Compared to the causal inference literature on this topic, the “standard” epidemiology literature is much more homogeneous since it has produced many studies with very similar designs (i.e., same statistical model, same specification, same health outcome, etc.).

For each study of these two datasets, we also compute their statistical power, type M and S errors using the results of the meta-analysis as guesses for the true effect sizes of an air pollutant on an health outcome.

Loading Packages and Data

Show the packages used
library("groundhog")
packages <- c(
  "here",
  "tidyverse", 
  "knitr",
  "retrodesign",
  "janitor",
  "mediocrethemes"
  # "vincentbagilet/mediocrethemes"
)

# groundhog.library(packages, "2022-11-28")
lapply(packages, library, character.only = TRUE)

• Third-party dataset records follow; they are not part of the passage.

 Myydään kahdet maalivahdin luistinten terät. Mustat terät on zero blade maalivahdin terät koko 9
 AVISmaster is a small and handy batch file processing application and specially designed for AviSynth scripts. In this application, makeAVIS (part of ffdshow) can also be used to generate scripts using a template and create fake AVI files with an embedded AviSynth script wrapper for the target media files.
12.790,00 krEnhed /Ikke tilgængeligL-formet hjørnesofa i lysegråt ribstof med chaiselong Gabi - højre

set_mediocre_all(pal = "leo")

We open the two meta-analysis datasets and clean them.

Show code
data_orellano_2020 <-
  read_csv(here::here(
    "data",
    "meta_analyses_epi",
    "meta_analysis_orellano_2020.csv"
  )) |> 
  janitor::clean_names() |> 
  # remove studies using the one hour maximum concentration of no2
  mutate(time_period = ifelse(is.na(time_period), "unknown", time_period)) |> 
  filter(time_period != "1 hr") |> 
  select(
    article, 
    continent, 
    age_group, 
    sex, 
    pollutant, 
    unit_measurement = unit_of_measurement,
    time_period,
    cause_death = cause_of_death,
    point_estimate = "single_pollutant_effect_estimate",
    lower_bound_ci = "single_pollutant_lower_interval_limit_95_percent_ci",
    upper_bound_ci = "single_pollutant_higher_interval_limit_95_percent_ci"
  ) |> 
  mutate(year = str_extract(article, "[[:digit:]]+") %>% as.numeric(.))

data_shah_2015 <-
  readxl::read_excel(here::here("data", "meta_analyses_epi", "meta_analysis_shah_2015.xlsx")) %>%
  mutate(air_pollutant = str_to_upper(air_pollutant))

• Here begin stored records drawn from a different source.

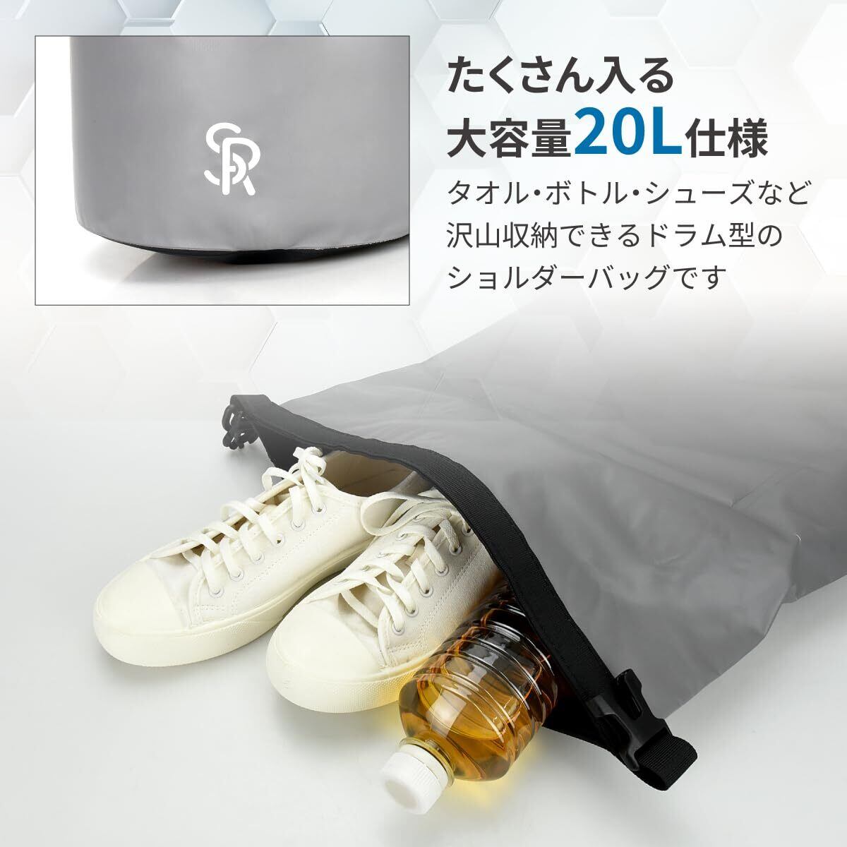 【たくさん入る『大容量』20L仕様】タオル・ボトル・シューズなど沢山収納できるドラム型のショルダーバッグです。優れた防水性により着替えやタオルはもちろん、貴重品などの荷物を水から守るスタッフバッグです。プール・海水浴・川遊び・釣りなどのアウトドアシーンに重宝することも間違いなし!見た目以上に収納力があり、荷物をバラバラに持ち歩かずに済みます。バッグの外側にもメッシュポケットが付いており、頻繁に出し入れするスマホやICカード入れにおすすめです。
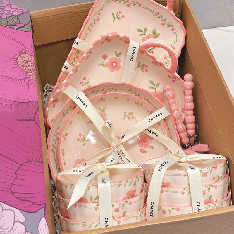 Romantic Pink High-Value Bowl Plate Set Home Use, Beautiful For Girls, Dining Bowls And Plates, Ceramic Underglaze Color
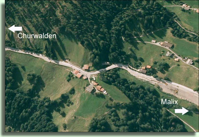 Egga: …1173 m, Gruppe von 4 Häusern an der Strasse Chur – Lenzerheide, 1,2 km südlich von Malix, 27 reformierte Einwohner

Orellano et al. (2020) Meta-Analysis

We start by exploring the studies gathered by Orellano et al. (2020) on the short-term associations between air pollutants and mortality for all causes and specific causes. We first select studies focusing mortality for all ages and sexes. We then compute our metric for precision, which the inverse of the standard error, and also calculate the width of the 95% confidence intervals:

Relative Risks versus Precision

We plot below the relationship between estimated relative risks for all-cause mortality and precision for each air pollutant (N=176 estimates):

We draw the same initial graph but for respiratory mortality (N=56 estimates):

We draw the same previous graph but now for cardiovascular mortality (N=64 estimates):

Evolution of Precision over Time

We plot below the mean width of 95% confidence intervals over time for estimated relative risks of all-cause mortality:

95% CI Width as a Percentage of Estimated Relative Risk

We finally display the distribution of the 95% CI width expressed as percentage of the estimated relative risk.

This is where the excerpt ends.